Adults, on the other hand, impose different conceptions. Each August or September is a “new” school year with “new” expectations and “fresh” opportunities for learning success. Each fall adults administer tests to understand what a child knows, can do and can resolve “now” and with this “new” information set in motion a “new” year of schooling. These impositions are made for adult reasons, not children’s reasons. It is adults who need “new” and “fresh” starts.

Notwithstanding that a child grows and matures and has interesting living experiences in the months of a summer recess, the continuum of academic learning does not change much as a result of summer vacation. A child’s academic skills seldom jump forward during these ten to twelve weeks. Instead, many children suffer academic regression because they do not read, write, compute or resolve academic problems during the recess. Perhaps, the proper look in Spetember is not forward but backward, as in “what learning do we need to refresh before we can instruct new learning.”
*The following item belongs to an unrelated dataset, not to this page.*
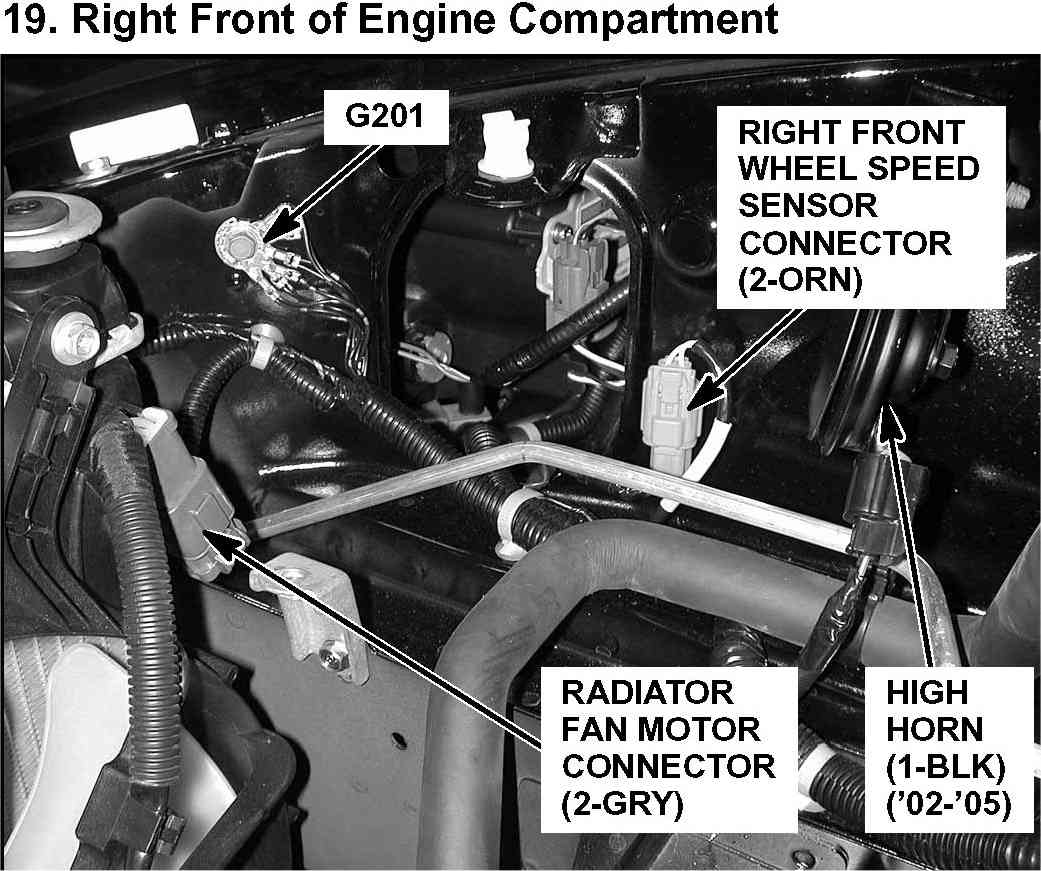 19. Right Front of Engine Compartment:
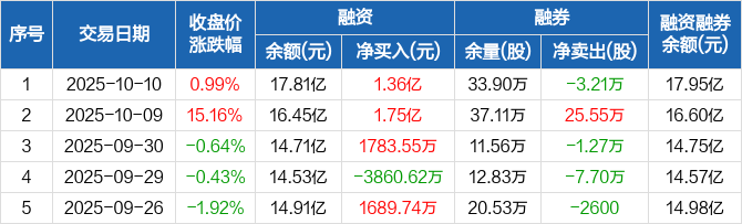 金力永磁:融资余额17.81亿元,创历史新高(10-10)

Instead of touting “new” and expecting that September’s new assessments will differ greatly from last May’s assessments, children are better served when this September’s teachers confer with last May’s teachers to assure an intentional continuity of instruction of learning for every child. That is, a frank discussion of each child’s academic abilities and needs for successful learning not just a comment about their class as a whole. The learning preferences children display seldom change as a result of the summer recess. Instead of taking weeks to personally identify a child’s learning styles, teachers talking to teachers can catapult instruction forward in the early days of the new school year.

We make a great fuss about the “new” school year. If the fuss does not create a more efficient and effective continuity of learning, the first day of school is the “new” school year. Welcome back! Now, on the second day of the new school year, let’s get on with the continuity of learning.